- **DATA SECTION**
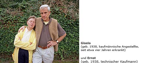 ![]() „Körperlich ist Gisela fit. Blutdruck in Ordnung, zu Fuß kann sie von Mülheim bis nach Oberhausen laufen, wo früher ihre Eltern gewohnt haben. Sie kann stundenlang mit dem Rad fahren. Der Kopf will aber nicht mehr so. Wäschestücke, die repariert werden sollten, versteckte sie in einer Tonne und kaufte immer neue. Manchmal ist sie lieb, dann wieder garstig... Mit diesem ‚Auf und Ab’ der Stimmung komme ich nicht klar. Ich kann mich nicht mit dem Gedanken abfinden, dass Gisela an Demenz erkrankt ist. Ich habe lange nach den Ursachen geforscht und denke, dass neben der genetischen Disposition auch der Stress Einfluss hatte. Der langsame Niedergang der Firma, in der sie arbeitete, die Entlassungen der langjährigen Mitarbeiter und schließlich die eigene Kündigung. Wir haben in Berlin einen Therapeuten ausfindig gemacht, aber er konnte nicht helfen. Medikamente haben nur Nebenwirkungen gehabt.“ Ernst |
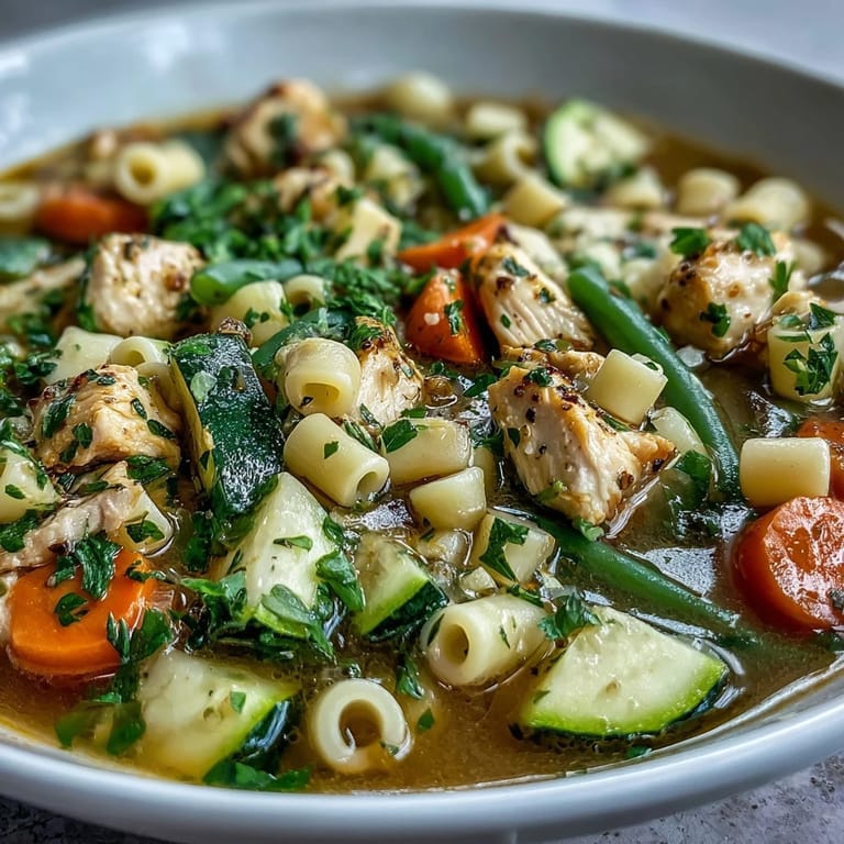 Save The rain was pattering against my kitchen window one chilly autumn day when I first improvised this chicken pasta soup. With a refrigerator full of vegetables threatening to wilt and chicken that needed cooking, necessity became the mother of culinary invention. The steamy windows and fragrant kitchen transformed that dreary afternoon into something magical, and I've been making variations of this comforting bowl ever since.
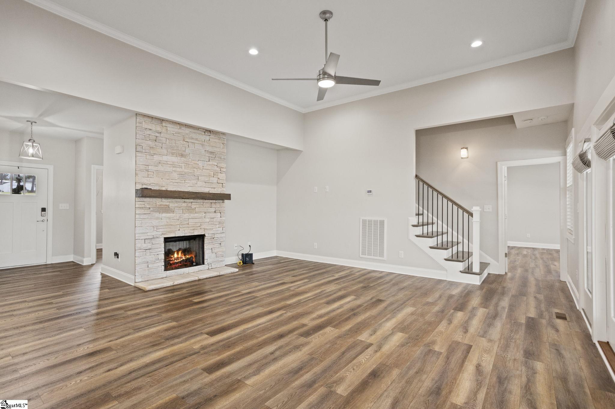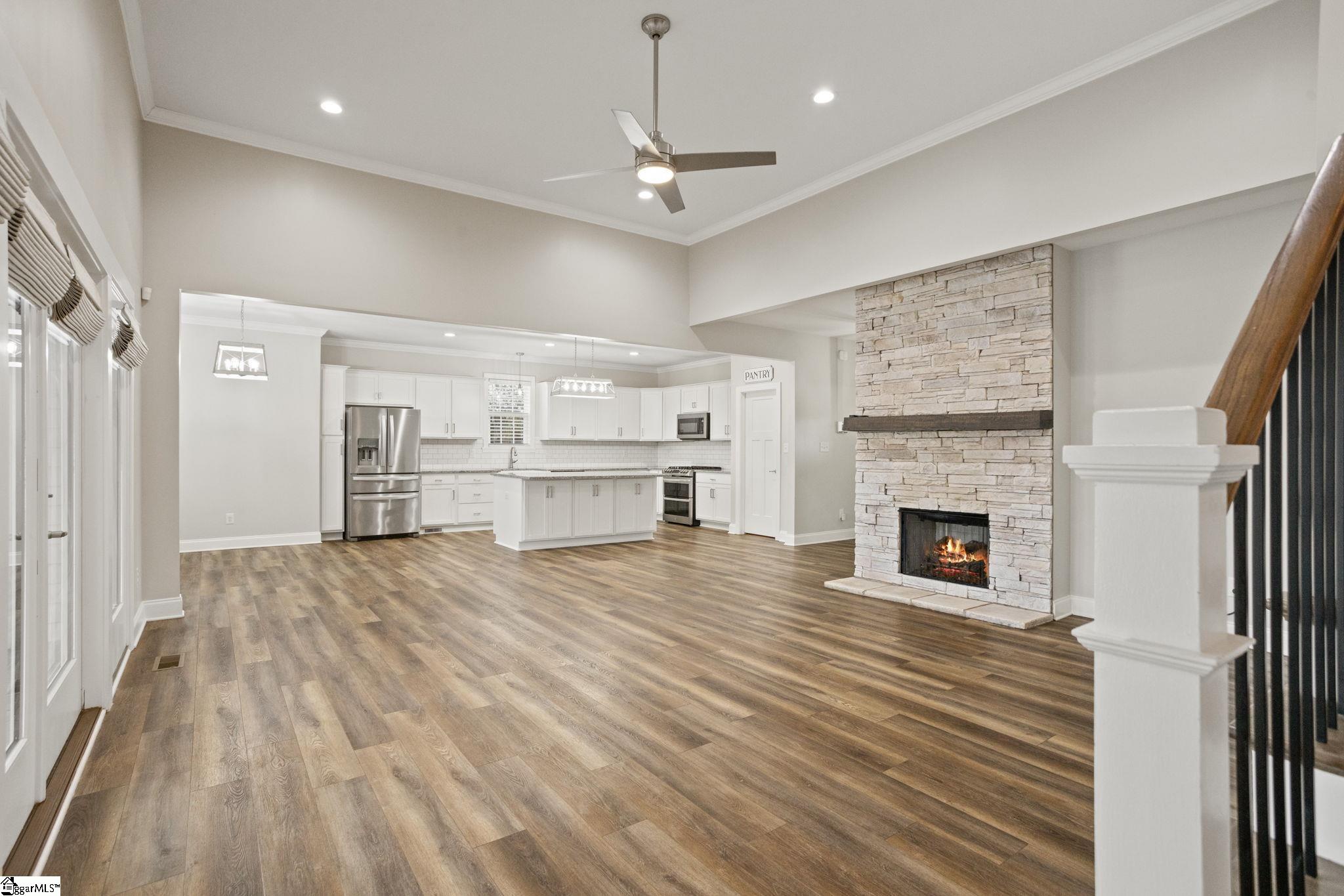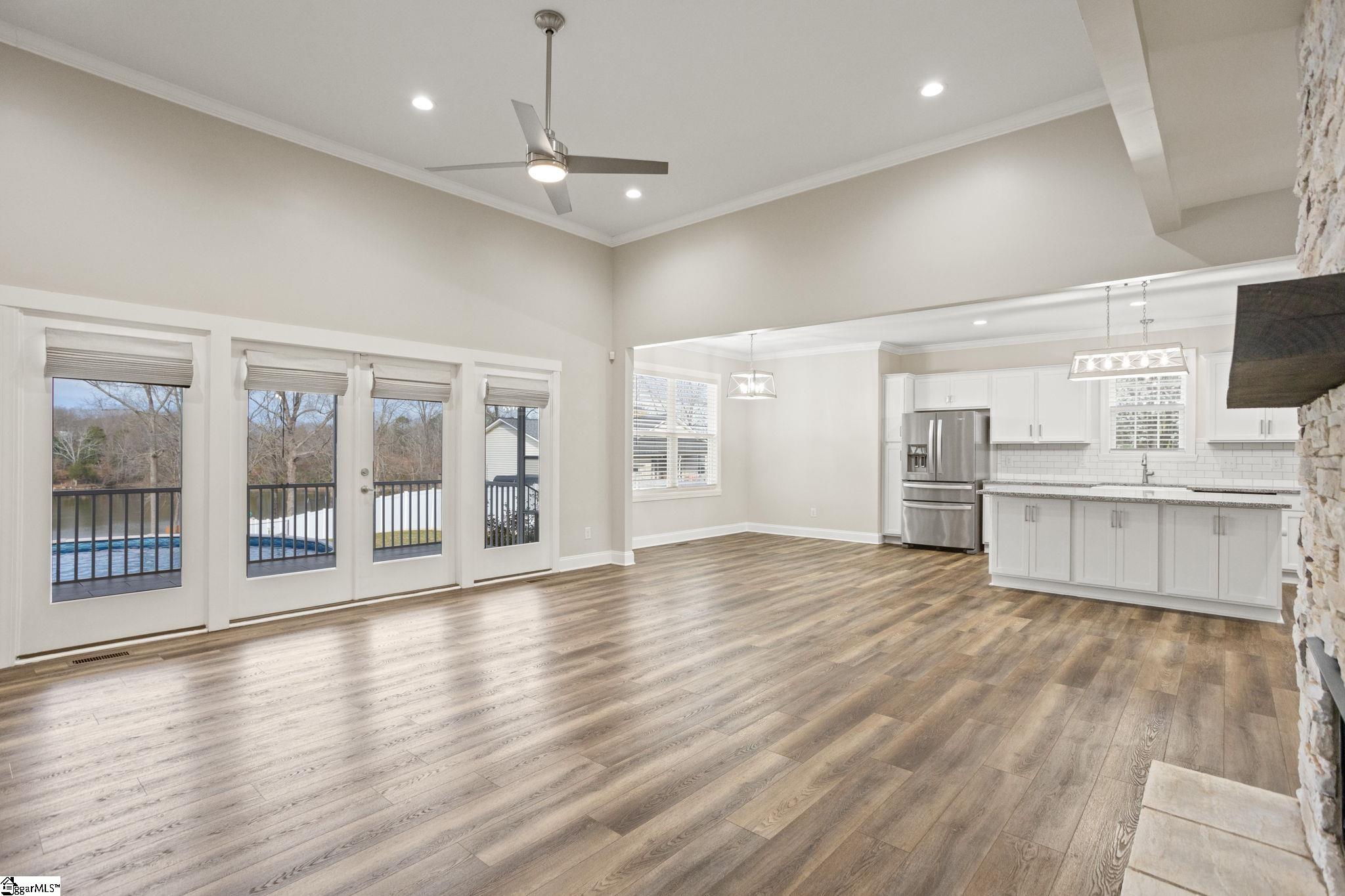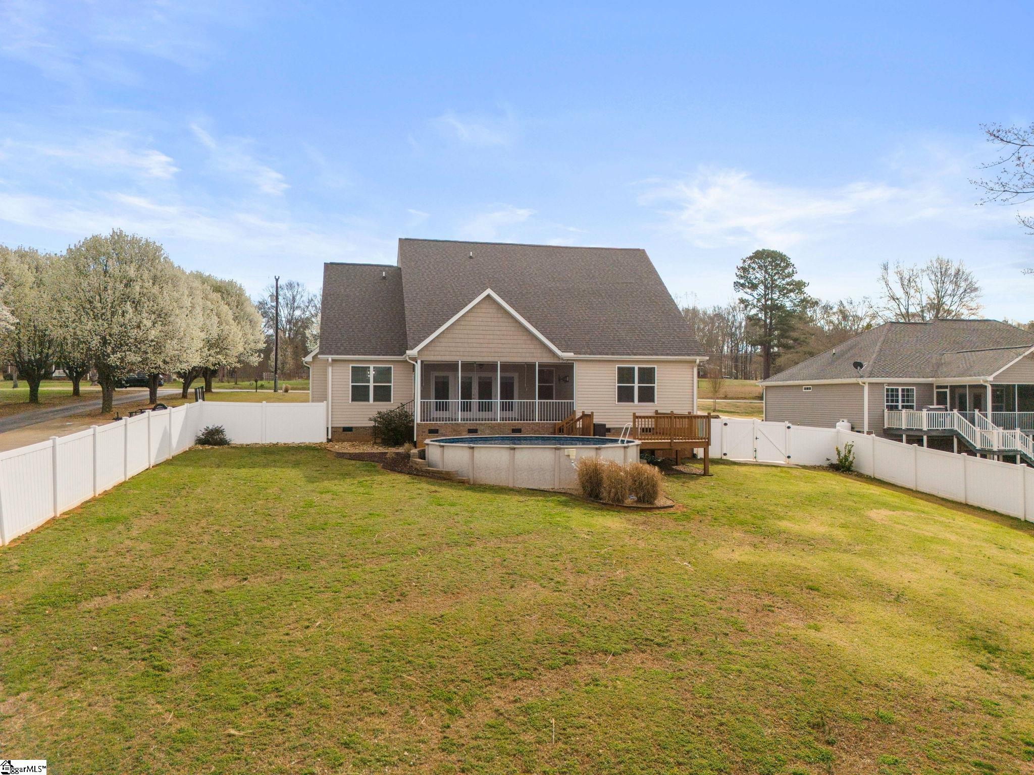 Waterfront living on Lake Blalock! Situated on . 84 acres, this beautiful 5-year-old home offers just under 3, 000 square feet of thoughtfully designed living space with 4 bedrooms, 2. 5 baths, and a spacious rec room. A charming Craftsman-style exterior welcomes you into this custom-built home where the entry foyer opens into a bright eat-in kitchen featuring abundant cabinetry, granite countertops, a walk-in pantry, stainless steel appliances (including the refrigerator), and a generous dining area. The kitchen flows seamlessly into the greatroom highlighted by a gas log fireplace and views of the screened porch, creating a perfect space for everyday living and entertaining. The mudroom/laundry room offers exceptional functionality with a utility sink, ample storage, and space for a convenient drop zone, while the oversized garage provides additional room for storage or workspace. The main-level owner’s suite is a private retreat featuring a spa-like bath with double vanities, garden tub, tile shower, and private water closet. Upstairs you will find three additional bedrooms plus a versatile rec room ideal for a media room, playroom, or home office. Enjoy lake life at its finest with your private dock on Lake Blalock, perfect for boating, fishing, or relaxing by the water, and entertain with ease from the screened porch or the above-ground pool. Additional features include an outbuilding for extra storage, porch TV, and numerous upgrades that remain with the home.

- **TASK REQUIREMENTS**
Copy out the whole listing exactly. Skip its pictures.

- **COMPLETED TASK**
 ![]() „Körperlich ist Gisela fit. Blutdruck in Ordnung, zu Fuß kann sie von Mülheim bis nach Oberhausen laufen, wo früher ihre Eltern gewohnt haben. Sie kann stundenlang mit dem Rad fahren. Der Kopf will aber nicht mehr so. Wäschestücke, die repariert werden sollten, versteckte sie in einer Tonne und kaufte immer neue. Manchmal ist sie lieb, dann wieder garstig... Mit diesem ‚Auf und Ab’ der Stimmung komme ich nicht klar. Ich kann mich nicht mit dem Gedanken abfinden, dass Gisela an Demenz erkrankt ist. Ich habe lange nach den Ursachen geforscht und denke, dass neben der genetischen Disposition auch der Stress Einfluss hatte. Der langsame Niedergang der Firma, in der sie arbeitete, die Entlassungen der langjährigen Mitarbeiter und schließlich die eigene Kündigung. Wir haben in Berlin einen Therapeuten ausfindig gemacht, aber er konnte nicht helfen. Medikamente haben nur Nebenwirkungen gehabt.“ Ernst |
 Save The rain was pattering against my kitchen window one chilly autumn day when I first improvised this chicken pasta soup. With a refrigerator full of vegetables threatening to wilt and chicken that needed cooking, necessity became the mother of culinary invention. The steamy windows and fragrant kitchen transformed that dreary afternoon into something magical, and I've been making variations of this comforting bowl ever since.
 Waterfront living on Lake Blalock! Situated on . 84 acres, this beautiful 5-year-old home offers just under 3, 000 square feet of thoughtfully designed living space with 4 bedrooms, 2. 5 baths, and a spacious rec room. A charming Craftsman-style exterior welcomes you into this custom-built home where the entry foyer opens into a bright eat-in kitchen featuring abundant cabinetry, granite countertops, a walk-in pantry, stainless steel appliances (including the refrigerator), and a generous dining area. The kitchen flows seamlessly into the greatroom highlighted by a gas log fireplace and views of the screened porch, creating a perfect space for everyday living and entertaining. The mudroom/laundry room offers exceptional functionality with a utility sink, ample storage, and space for a convenient drop zone, while the oversized garage provides additional room for storage or workspace. The main-level owner’s suite is a private retreat featuring a spa-like bath with double vanities, garden tub, tile shower, and private water closet. Upstairs you will find three additional bedrooms plus a versatile rec room ideal for a media room, playroom, or home office. Enjoy lake life at its finest with your private dock on Lake Blalock, perfect for boating, fishing, or relaxing by the water, and entertain with ease from the screened porch or the above-ground pool. Additional features include an outbuilding for extra storage, porch TV, and numerous upgrades that remain with the home.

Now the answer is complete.